A: To use a calculator to solve for time, you can plug in the values for distance and rate, and then divide the distance by the rate. For example, if you know that a car travels 240 miles in 4 hours, you can use a calculator to solve for the rate:

$$r = \frac{d}{t} = \frac{240}{4} = 60$$

Q: What if I have a complex equation?

A: If you have a complex equation, you can use algebra to solve for the variable. For example, if you have the equation:

$$470 \cdot h + 200 = 3,008$$

You can solve for h by subtracting 200 from both sides of the equation, and then dividing both sides of the equation by 470:

$$h = \frac{3,008 - 200}{470} = \frac{2,808}{470} = 6$$

Q: How do I use a formula to solve for time in a real-world application?
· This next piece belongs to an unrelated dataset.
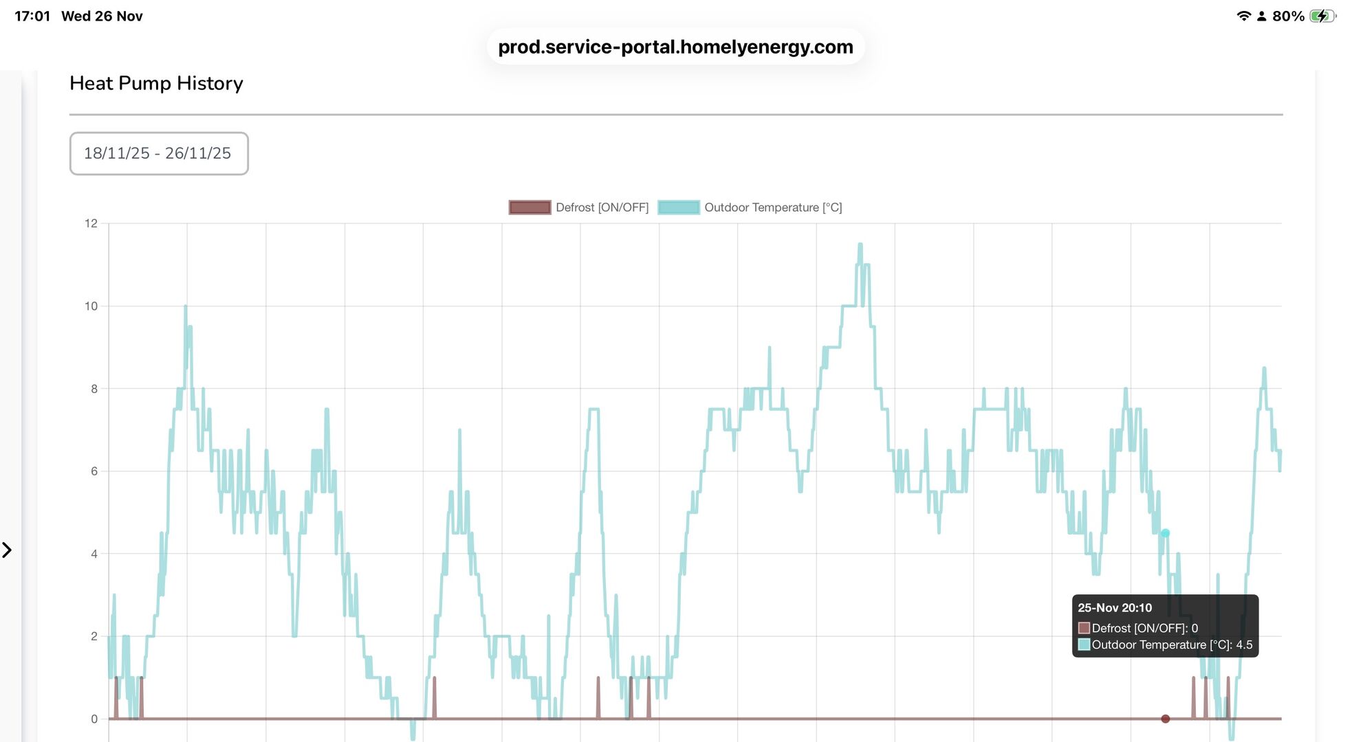 @jamespa I decided to look at my Homely data for defrosts and the first of this season was on the 18th. November (I have only noticed 1 of them myself) but the Daikin EDLA03 8 kW Monobloc has actually had 9 since the 18th. The plot shows outside temperature at the times they occurred.

A: To use a formula to solve for time in a real-world application, you need to identify the variables in the equation and plug in the values. For example, if you are planning a road trip and you know the distance to your destination and the speed limit, you can use the formula to solve for the time:

$$t = \frac{d}{r} = \frac{240}{60} = 4$$

Q: What are some common mistakes to avoid when solving for time?

A: Some common mistakes to avoid when solving for time include:

• Not checking units: Make sure that your units are consistent.
• Not simplifying fractions: Simplify fractions by dividing the numerator and denominator by their greatest common divisor (GCD).
• Not using a calculator: Use a calculator to simplify calculations.
• Not checking the equation: Check the equation to make sure that it is correct.

Conclusion

Solving for time is an important concept in mathematics and has many real-world applications. By understanding the formula and using algebra, you can solve for time in a variety of situations. Remember to check your units, simplify fractions, and use a calculator to simplify calculations.